-------- RECORDS PROVIDED

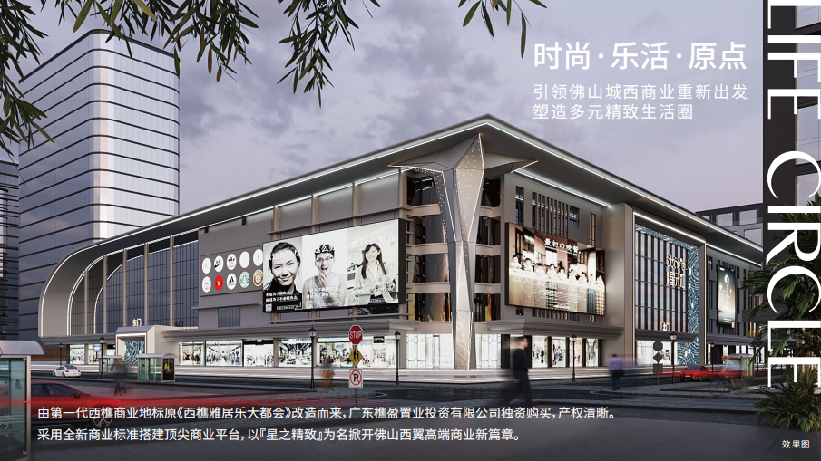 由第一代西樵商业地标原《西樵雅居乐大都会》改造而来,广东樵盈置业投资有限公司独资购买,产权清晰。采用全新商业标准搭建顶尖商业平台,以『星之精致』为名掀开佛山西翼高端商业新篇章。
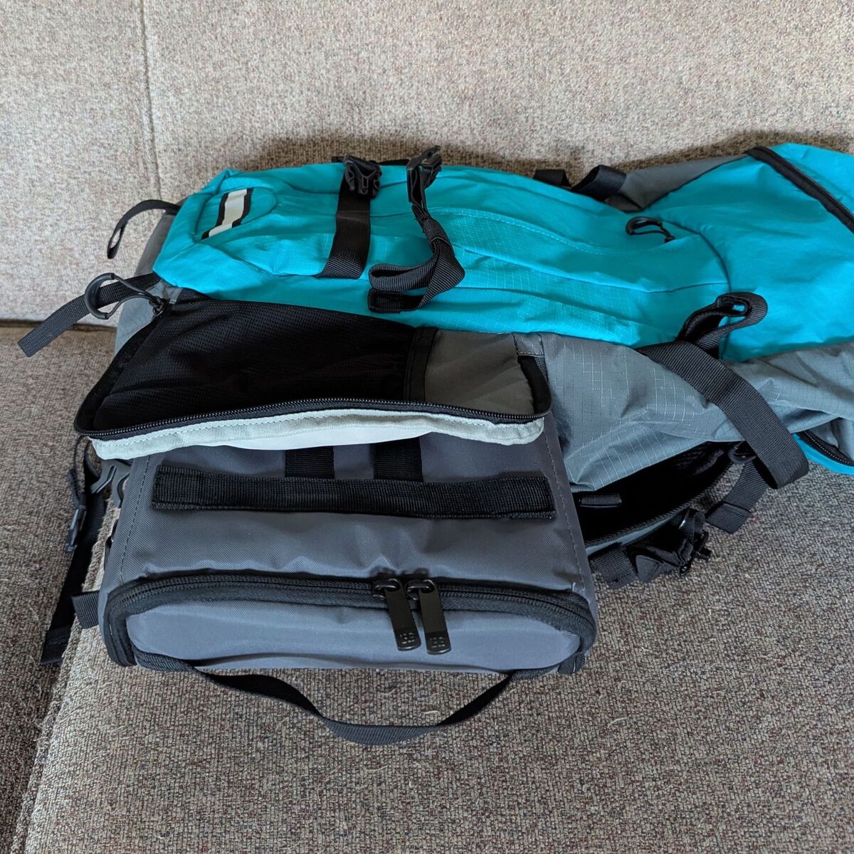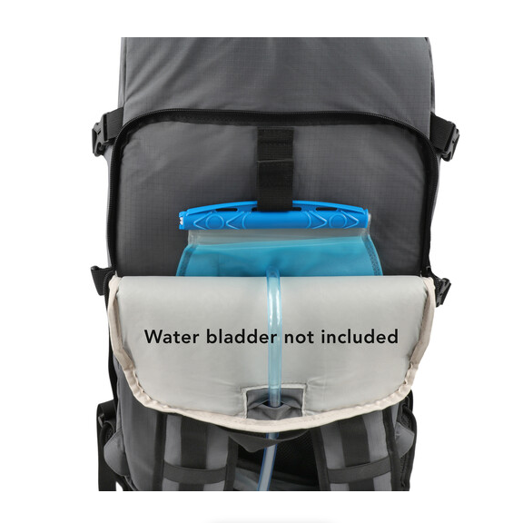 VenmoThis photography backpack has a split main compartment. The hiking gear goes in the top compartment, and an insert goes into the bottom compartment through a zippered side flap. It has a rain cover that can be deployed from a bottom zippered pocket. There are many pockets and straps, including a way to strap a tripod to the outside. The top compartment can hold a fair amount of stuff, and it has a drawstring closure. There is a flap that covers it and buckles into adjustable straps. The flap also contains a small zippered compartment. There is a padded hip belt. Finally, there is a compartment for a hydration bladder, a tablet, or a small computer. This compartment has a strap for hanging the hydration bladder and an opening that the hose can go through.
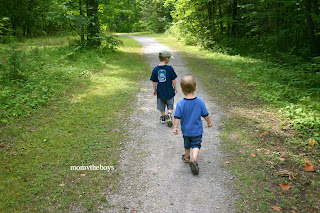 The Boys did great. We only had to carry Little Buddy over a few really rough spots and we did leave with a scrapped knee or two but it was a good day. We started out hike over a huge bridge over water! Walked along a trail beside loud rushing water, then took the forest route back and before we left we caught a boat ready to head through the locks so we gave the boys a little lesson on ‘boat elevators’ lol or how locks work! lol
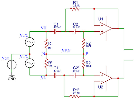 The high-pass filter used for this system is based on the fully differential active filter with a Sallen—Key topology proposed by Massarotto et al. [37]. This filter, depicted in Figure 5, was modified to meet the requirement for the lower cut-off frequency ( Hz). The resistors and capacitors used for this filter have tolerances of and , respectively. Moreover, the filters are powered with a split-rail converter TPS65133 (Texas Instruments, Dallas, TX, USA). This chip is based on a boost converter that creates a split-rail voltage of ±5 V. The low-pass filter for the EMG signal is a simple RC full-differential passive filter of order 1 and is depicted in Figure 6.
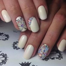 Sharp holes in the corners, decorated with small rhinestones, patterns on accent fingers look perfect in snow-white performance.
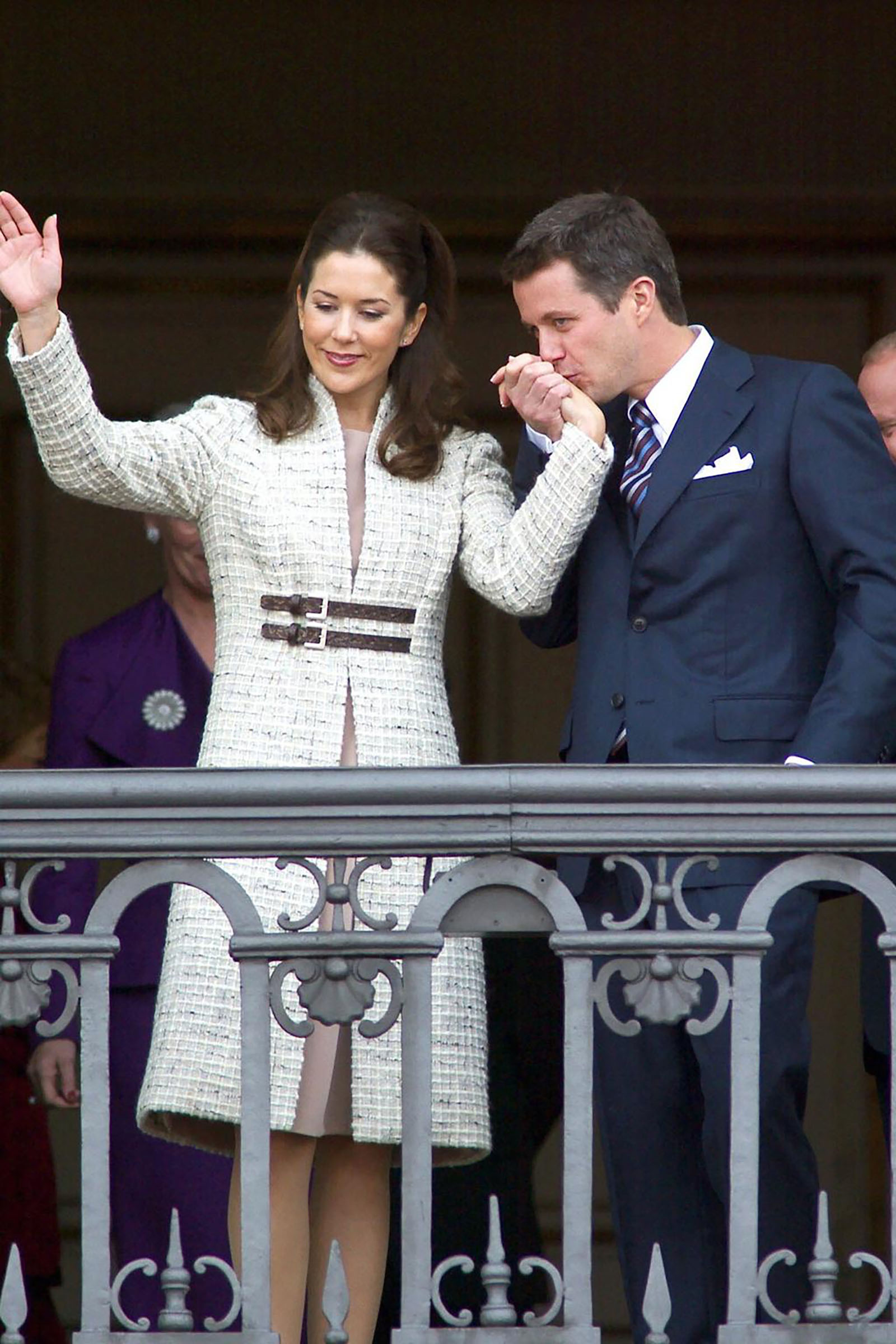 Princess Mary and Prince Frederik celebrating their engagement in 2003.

----------------

Through the line containing "The Boys did" and no further, restate the data above word for word from its first line, leaving out pictures.

 由第一代西樵商业地标原《西樵雅居乐大都会》改造而来,广东樵盈置业投资有限公司独资购买,产权清晰。采用全新商业标准搭建顶尖商业平台,以『星之精致』为名掀开佛山西翼高端商业新篇章。
 VenmoThis photography backpack has a split main compartment. The hiking gear goes in the top compartment, and an insert goes into the bottom compartment through a zippered side flap. It has a rain cover that can be deployed from a bottom zippered pocket. There are many pockets and straps, including a way to strap a tripod to the outside. The top compartment can hold a fair amount of stuff, and it has a drawstring closure. There is a flap that covers it and buckles into adjustable straps. The flap also contains a small zippered compartment. There is a padded hip belt. Finally, there is a compartment for a hydration bladder, a tablet, or a small computer. This compartment has a strap for hanging the hydration bladder and an opening that the hose can go through.
 The Boys did great. We only had to carry Little Buddy over a few really rough spots and we did leave with a scrapped knee or two but it was a good day. We started out hike over a huge bridge over water! Walked along a trail beside loud rushing water, then took the forest route back and before we left we caught a boat ready to head through the locks so we gave the boys a little lesson on ‘boat elevators’ lol or how locks work! lol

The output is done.